WORK INSTRUCTION.
Leave out the pictures and set down the rest of the listing below word for word.

DATA.
---

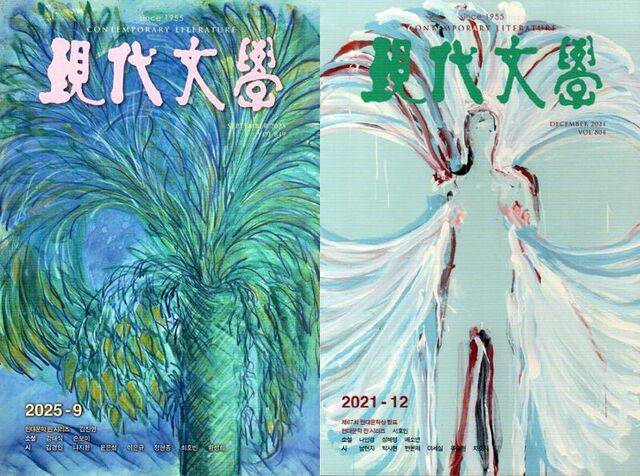 이번 전시에 앞서 그의 야자수 작품이 문예지 ‘현대문학’ 9월호 표지에 실렸다.(왼쪽) 앞서 2021년 12월호에 남편 이 작가의 작품이 실린 데 이어 부부 작가가 나란히 문학잡지 표지를 장식하는 보기 드문 기록을 남기게 됐다.
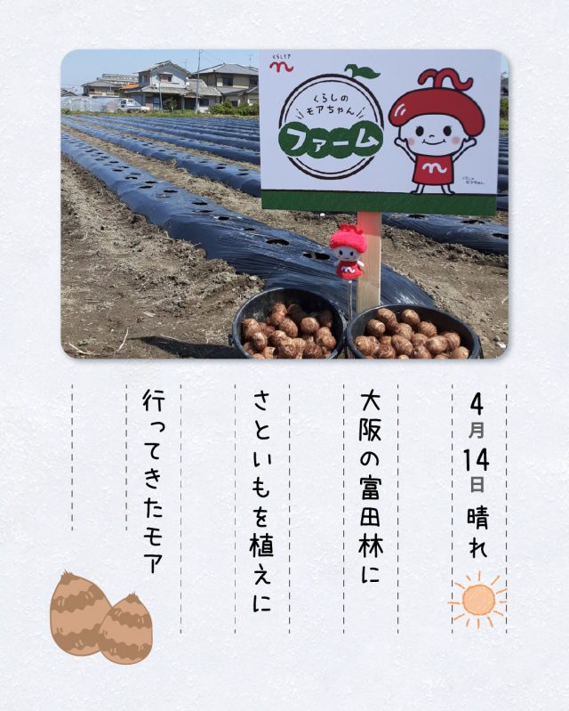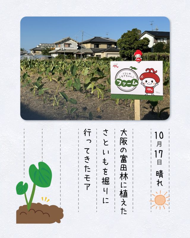 今から待ち遠しいよね。里芋の販売についてだけど、今後の展望としては、全国の加盟社でも『くらしのモアちゃんファームの里芋』を販売できるように規模を拡大していきたいと思っているよ!里芋の他にもいろんな野菜に挑戦できたらいいな。
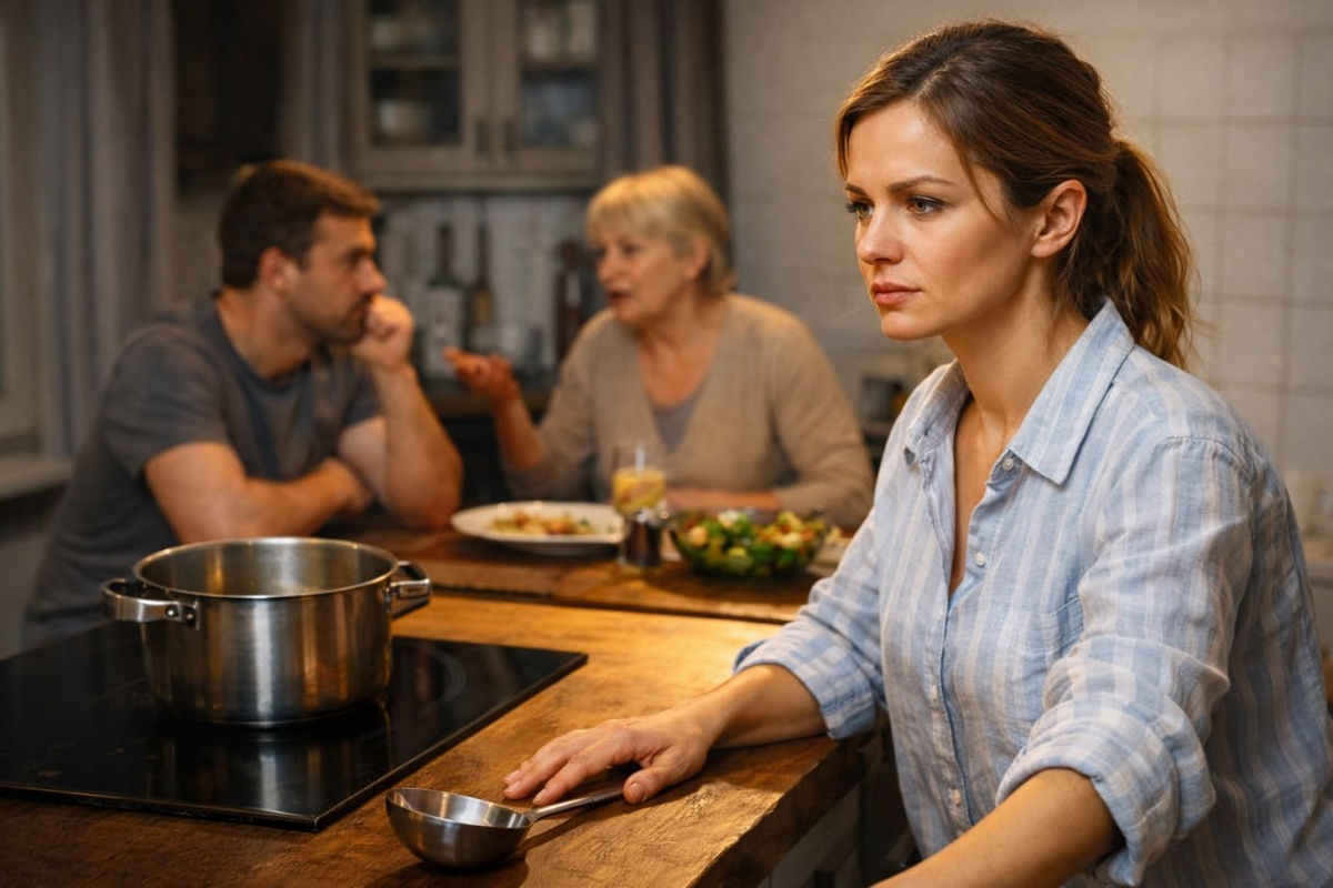 Марина чувствовала, как кухня перестает быть ее пространством. Она начинала нервничать, когда слышала звонок в дверь. Ловила себя на мысли, что готовит уже не для удовольствия, а как будто на проверку.

---

EXPECTED ANSWER.
 이번 전시에 앞서 그의 야자수 작품이 문예지 ‘현대문학’ 9월호 표지에 실렸다.(왼쪽) 앞서 2021년 12월호에 남편 이 작가의 작품이 실린 데 이어 부부 작가가 나란히 문학잡지 표지를 장식하는 보기 드문 기록을 남기게 됐다.
 今から待ち遠しいよね。里芋の販売についてだけど、今後の展望としては、全国の加盟社でも『くらしのモアちゃんファームの里芋』を販売できるように規模を拡大していきたいと思っているよ!里芋の他にもいろんな野菜に挑戦できたらいいな。
 Марина чувствовала, как кухня перестает быть ее пространством. Она начинала нервничать, когда слышала звонок в дверь. Ловила себя на мысли, что готовит уже не для удовольствия, а как будто на проверку.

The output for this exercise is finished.